Imagine the intimidating presence of JK Simmons (Whiplash) lurking on the screen almost in every moment. Now imagine there are two Simmons crowding the screen with menacing personas, both showcasing the actor’s unprecedented grittiness. That’s what Counterpart (created by The Jungle Book live-action’s writer, Justin Marks) is all about—a master-class from the actor in a uniformly brilliant dual performance.
In Counterpart, the odd start around three decades ago in Berlin when a scientist accidentally created a parallel universe with a gate connecting both worlds in a cellar. We’ve seen it before and we’ll see it again, the loops between multiverses made complicated with inter-universe intrigues. But, unlike a similarly themed series, Dark, for instance, this story doesn’t concern with how scientific things work and it’s not interested in adding campy, let alone complicated, theories to make up the fiction part of sci-fi. Instead, the show embraces a tense espionage thriller trope to present its intriguing events and creatively crafted diplomacy conflicts between two so-close-yet-so-far universes.
The gatekeeper, literally and non-literally, is Simmons with ardent performance and assuring screen presence to keep the attention to him and not on the stumbling details in the background. The actor portrays Howard Silk—a gentle, elderly clerk living a straight life and loving his dying wife endlessly. His quiet life, however, breaks into pieces when he encounters a strange visitation from the parallel universe that he’s not aware of. The man who visits him is no other than Howard himself but from the other universe. The thing is, this Howard is unlike his version of himself and his other universe’s counterpart demands that the innocent Howard to work with him.
Counterpart’s narrative stops everyone in their tracks and demands the full attention from the first episode. The double Howard incident is only the beginning; but, it carries myriads of questions. What has happened during the three-decade span in each world that makes the first Howard and the second Howard a complete opposite of each other? The quiet Howard lives a mundane life; meanwhile, the other Howard is a spy-like agent with physical prowess and the gift of knowledge. Simmons’ portrayal of both characters is jaw-dropping. He appears innocent to the border of being lame in one scene; on another, he’s a beast. The range of his acting in each episode alone is more like a gift to the cramped show.

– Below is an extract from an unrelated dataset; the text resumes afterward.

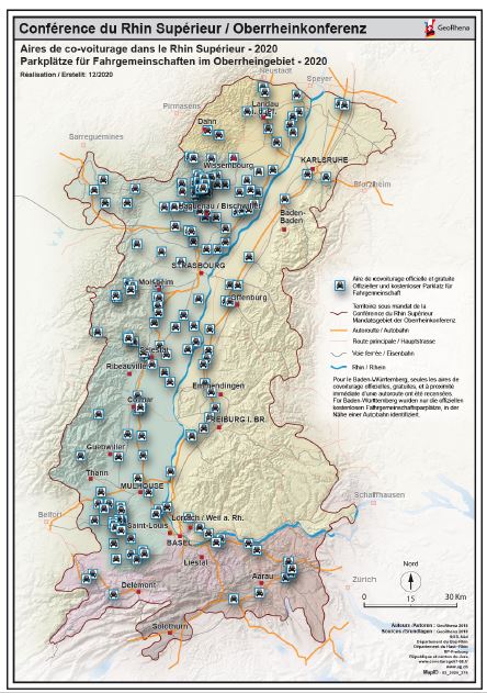 Carte PDF des aires de co-voiturage du Rhin Supérieur (officielle et gratuite) / Pour le Baden-Württemberg, seules les aires à proximité d'une autoroute sont recensées - - 2020

Each episode is around one-hour long but the pacing helps the show to find balance, especially when the narrative becomes too congested to digest. As in similar espionage thrillers, withholding information becomes an integral element of operation; Counterpart is also using the trick as an integral part of the narrative. Each episode reveals just enough information as breadcrumbs to follow and, at the same time, as shock factors. However, the larger picture is kept intact with elusive foreshadowing. Simmons’ fantabulous performance helps to keep the attention close to the narrative or, at least, to the sophistication of his two characters, as the story begins to take its true form.
Counterpart is an original single-camera series produced originally for Starz. The first season premiered on 10 December 2017 and ended on 1 April 2018; while the second season first aired on 9 December 2018 and aired its final episode on 17 February 2019. Starz has opted not to renew the series; but, the production company, Media Rights Capital, has been seeking a new home for the series to no avail by the time this article is published. The first season won Outstanding Main Title Design on the 70th Primetime Creative Arts Emmy Awards. Mola TV holds exclusive streaming rights for the Indonesian market for both seasons.